Exercise input:
Segment Open
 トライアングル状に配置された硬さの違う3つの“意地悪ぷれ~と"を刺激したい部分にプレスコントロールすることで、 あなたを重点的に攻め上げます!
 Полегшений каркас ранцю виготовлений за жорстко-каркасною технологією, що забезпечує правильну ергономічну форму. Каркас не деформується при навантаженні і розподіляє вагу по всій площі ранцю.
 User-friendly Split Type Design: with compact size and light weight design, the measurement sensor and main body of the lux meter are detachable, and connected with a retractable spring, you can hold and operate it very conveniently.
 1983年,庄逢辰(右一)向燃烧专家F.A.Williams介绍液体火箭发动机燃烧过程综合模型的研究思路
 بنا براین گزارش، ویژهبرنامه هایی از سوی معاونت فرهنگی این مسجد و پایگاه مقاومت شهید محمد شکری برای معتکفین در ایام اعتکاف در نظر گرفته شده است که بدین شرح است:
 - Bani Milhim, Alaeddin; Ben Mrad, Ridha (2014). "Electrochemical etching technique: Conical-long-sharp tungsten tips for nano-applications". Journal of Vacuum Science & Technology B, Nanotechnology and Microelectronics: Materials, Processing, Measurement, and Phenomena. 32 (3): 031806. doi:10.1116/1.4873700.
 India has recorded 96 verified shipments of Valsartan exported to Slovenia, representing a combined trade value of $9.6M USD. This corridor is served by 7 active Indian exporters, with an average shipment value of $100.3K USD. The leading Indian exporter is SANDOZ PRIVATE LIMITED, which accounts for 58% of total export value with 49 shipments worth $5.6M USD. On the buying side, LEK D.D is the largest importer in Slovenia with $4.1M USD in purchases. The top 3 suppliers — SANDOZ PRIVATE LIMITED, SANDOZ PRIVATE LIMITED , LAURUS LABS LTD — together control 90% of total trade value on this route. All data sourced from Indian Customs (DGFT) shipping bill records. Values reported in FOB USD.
Segment Closed
Segment Open
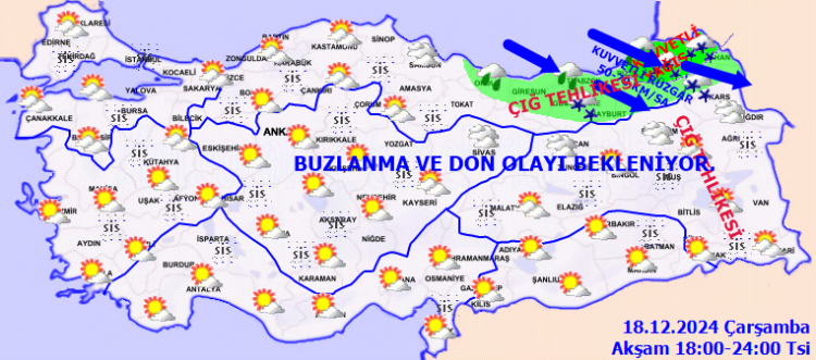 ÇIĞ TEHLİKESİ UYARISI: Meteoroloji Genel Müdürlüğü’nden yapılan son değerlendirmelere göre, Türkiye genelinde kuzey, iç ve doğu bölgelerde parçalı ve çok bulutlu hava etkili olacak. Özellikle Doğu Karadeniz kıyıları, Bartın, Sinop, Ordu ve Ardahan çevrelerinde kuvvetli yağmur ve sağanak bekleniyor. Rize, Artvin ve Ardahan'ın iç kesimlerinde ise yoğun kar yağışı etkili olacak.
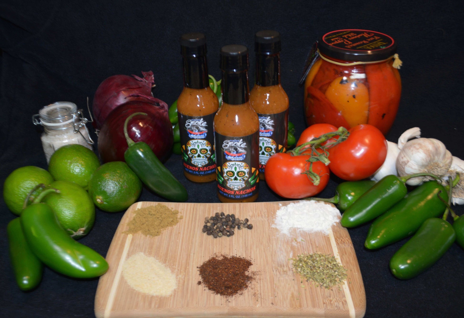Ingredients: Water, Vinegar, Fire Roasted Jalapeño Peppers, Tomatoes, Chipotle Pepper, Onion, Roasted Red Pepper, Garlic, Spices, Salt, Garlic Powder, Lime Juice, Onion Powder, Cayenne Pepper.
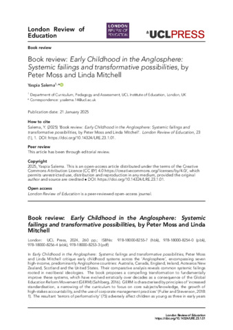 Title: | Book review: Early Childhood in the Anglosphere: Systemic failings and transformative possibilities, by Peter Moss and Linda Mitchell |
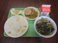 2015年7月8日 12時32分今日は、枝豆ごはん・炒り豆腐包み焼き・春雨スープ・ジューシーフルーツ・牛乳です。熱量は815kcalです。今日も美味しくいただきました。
Segment Closed
Exercise description: What lines in the entries contain "with"? Report each one by copying it.

Response:
 User-friendly Split Type Design: with compact size and light weight design, the measurement sensor and main body of the lux meter are detachable, and connected with a retractable spring, you can hold and operate it very conveniently.
 India has recorded 96 verified shipments of Valsartan exported to Slovenia, representing a combined trade value of $9.6M USD. This corridor is served by 7 active Indian exporters, with an average shipment value of $100.3K USD. The leading Indian exporter is SANDOZ PRIVATE LIMITED, which accounts for 58% of total export value with 49 shipments worth $5.6M USD. On the buying side, LEK D.D is the largest importer in Slovenia with $4.1M USD in purchases. The top 3 suppliers — SANDOZ PRIVATE LIMITED, SANDOZ PRIVATE LIMITED , LAURUS LABS LTD — together control 90% of total trade value on this route. All data sourced from Indian Customs (DGFT) shipping bill records. Values reported in FOB USD.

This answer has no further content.